Makers of Lysol warn against ingesting disinfectants

April 27, 2020

Following ill-advised, stream-of-consciousness comments made by President Donald Trump during a press conference last Thursday night, the makers of Lysol, as well as state officials nationwide, released repeated, urgent warnings on April 23 and April 24 about the dangers of ingesting disinfectants or cleaning products as a way to treat or prevent the novel coronavirus, The New York Times reported.

Specifically, with absolutely no support from medical experts, President Trump in a briefing on Thursday theorized about the possible medical benefits of introducing into the human body— either by injection or some other method— sunlight, ultraviolet light, or household disinfectants  to fight the coronavirus.

Among his comments: “… I see the disinfectant where it knocks it out in a minute — one minute —and is there a way we can do something like that by injection inside, or almost a cleaning? Because you see it gets in the lungs and it does a tremendous number on the lungs, so it would be interesting to check that ….”
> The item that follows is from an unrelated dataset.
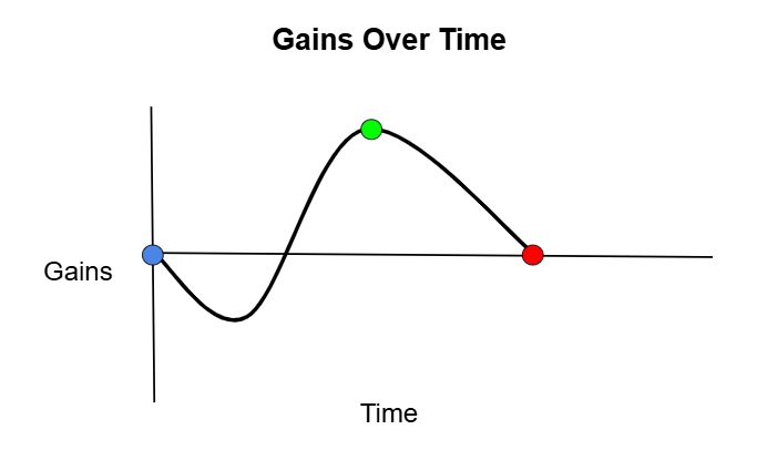 On this graph, the blue dot represents a workout. In the time directly after a workout we have muscle breakdown which leads to decreased performance. Then our muscles build themselves back up and, assuming our nutrition and rest are decent, they surpass their starting point and build bigger and stronger (green dot). The gains then slowly drop back down to the baseline (red dot).

The president also wondered aloud, “Supposing we hit the body with a tremendous — whether it’s ultraviolet or just very powerful light?  … Supposing you brought the light inside the body, either through the skin or some other way.”

Reckitt Benckiser, the British company that makes Lysol and Dettolwarned customers on April 24 against using disinfectants as treatments, saying that “due to recent speculation and social media activity,” it had been asked about the “internal administration” of disinfectants.

“As a global leader in health and hygiene products, we must be clear that under no circumstance should our disinfectant products be administered into the human body (through injection, ingestion or any other route),” Reckitt Benckiser said in a statement, advising people to use the products in line with guidelines.

Americans are using disinfectants very frequently—and often in large amounts—to kill germs at home, in their cars, and on packages they receive. As a result, accidents with household cleaning products appear to have sharply increased in recent weeks, according to doctors who monitor activity at poison call centers.

On April 20, the Centers for Disease Control and Prevention reported an alarming trend of growing calls to poison control centers, and a significant increase in accidental exposures to household cleaners and disinfectants, the Times reported.

On Friday, the American Cleaning Institute, which represents companies in the cleaning products industry in the United States, echoed the warnings against the improper use of disinfectants. “Disinfectants are meant to kill germs or viruses on hard surfaces,” the organization said in a statement. “Under no circumstances should they ever be used on one’s skin, ingested or injected internally.”

Officials in Washington State, where researchers believe that hidden outbreaks were creeping through Seattle early this year, said Thursday night on Twitter that people should not consume laundry detergent capsules or “inject yourself with any kind of disinfectant.”

Just don’t make a bad situation worse,” the state’s emergency management authorities said.